Chapter 1 - Solving Linear Equations - 1.4 - Solving Absolute Value Equations - Exercises - Page 33: 35

The solutions are $n=5$ and $n=3$.

The given equation is $\Rightarrow |4n-15|=|n|$ Write the two related linear equations. $4n-15=n$ ...... (1) $4n-15=-n$ ...... (2) Solve equation (1). $\Rightarrow 4n-15=n$ Add $15-n$ to each side. $\Rightarrow 4n-15+15-n=n+15-n$ Simplify. $\Rightarrow 3n=15$ Divide each side by $3$. $\Rightarrow \frac{3n}{3}=\frac{15}{3}$ Simplify. $\Rightarrow n=5$ Check : $n=5$ $\Rightarrow |4n-15|=|n|$ $\Rightarrow |4(5)-15|=|5|$ $\Rightarrow |20-15|=|5|$ $\Rightarrow |5|=|5|$ True.

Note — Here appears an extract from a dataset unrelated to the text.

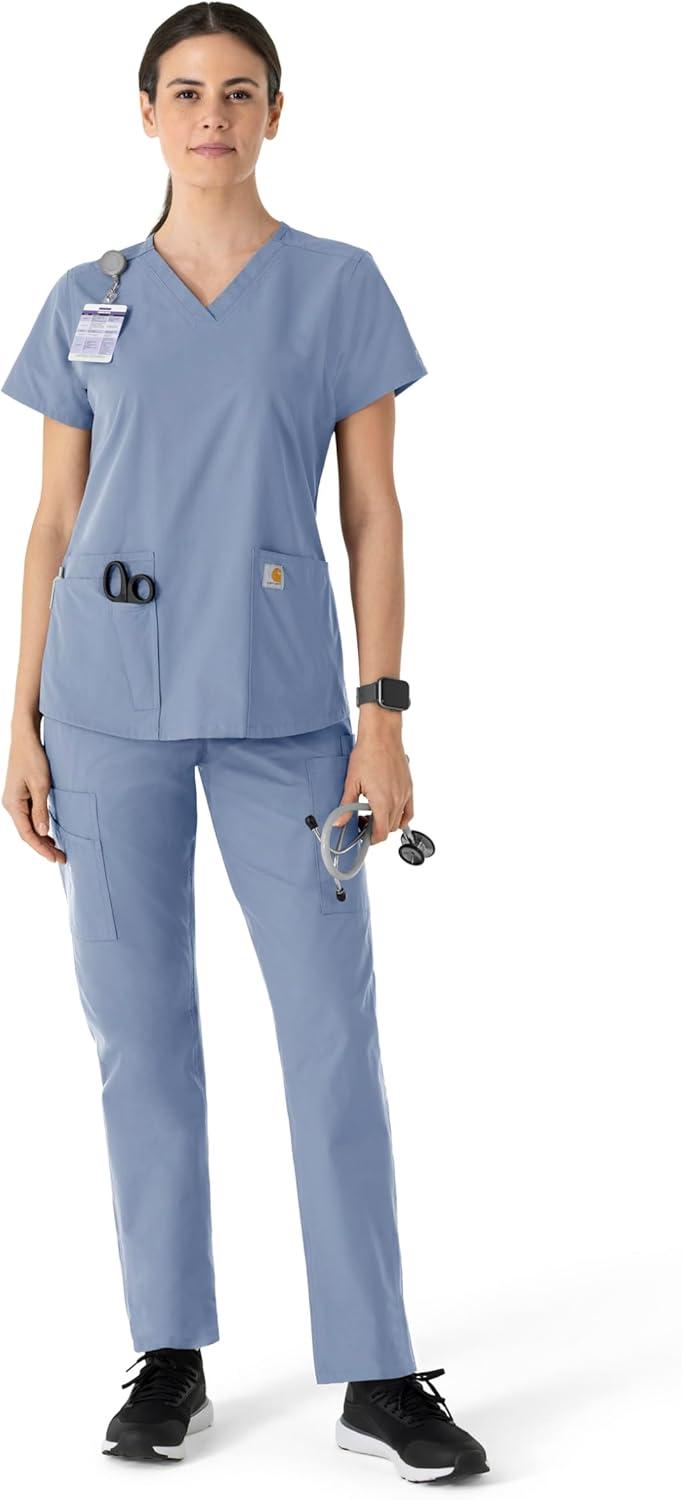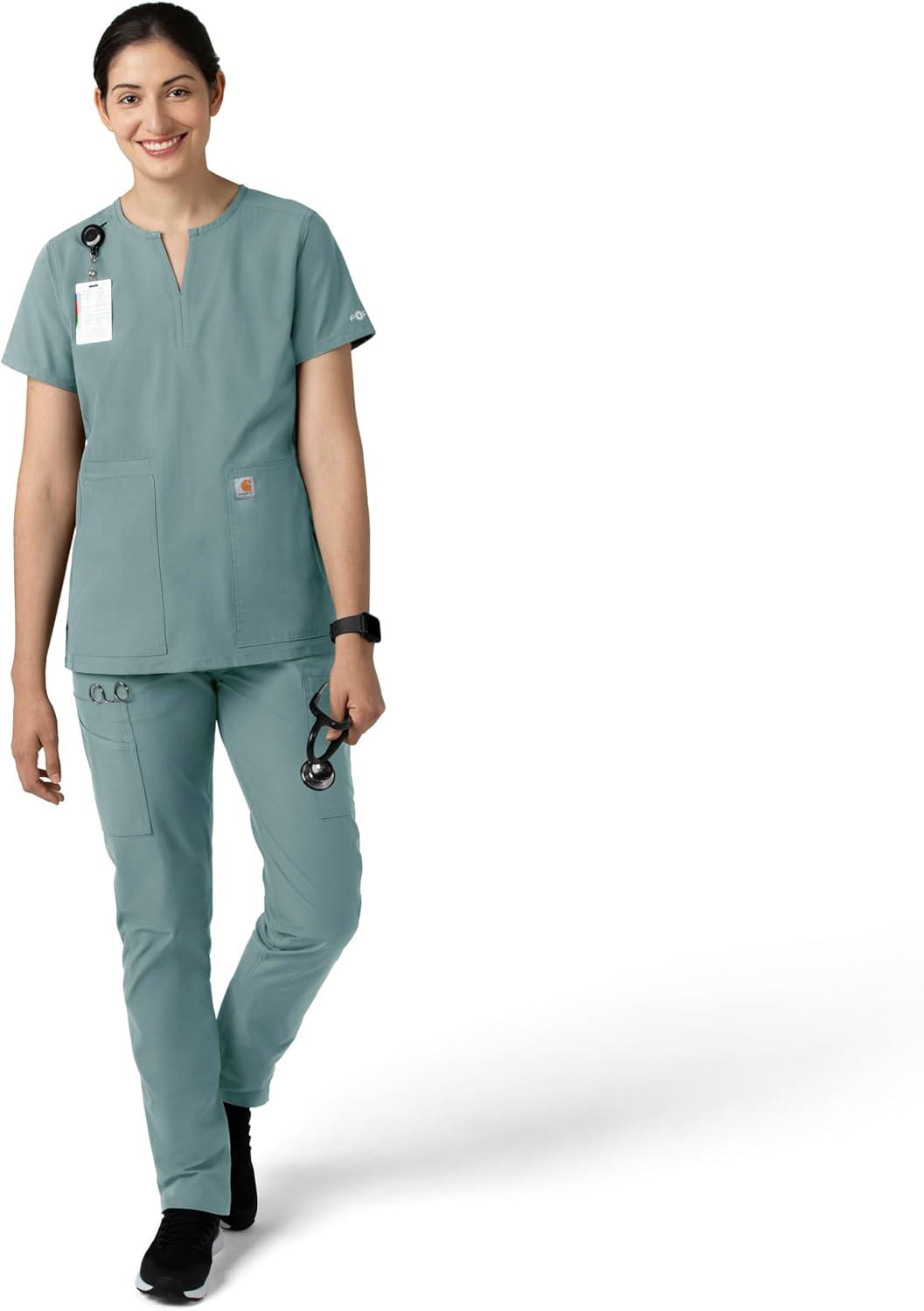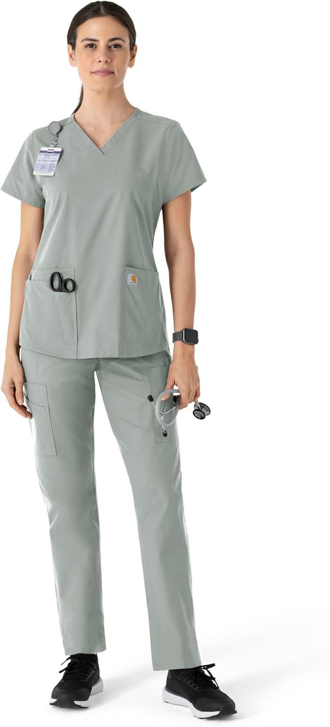 Carhartt Scrubs for Women, Force Crossflex StraightLeg Cargo Pants with Drawstring and 7 Pockets(Riverside)

Solve equation (2). $\Rightarrow 4n-15=-n$ Add $15+n$ to each side. $\Rightarrow 4n-15+15+n=-n+15+n$ Simplify. $\Rightarrow 5n=15$ Divide each side by $5$. $\Rightarrow \frac{5n}{5}=\frac{15}{5}$ Simplify. $\Rightarrow n=3$ Check : $n=3$ $\Rightarrow |4n-15|=|n|$ $\Rightarrow |4(3)-15|=|3|$ $\Rightarrow |12-15|=|3|$ $\Rightarrow |3|=|3|$ True. Hence, the solutions are $n=5$ and $n=3$.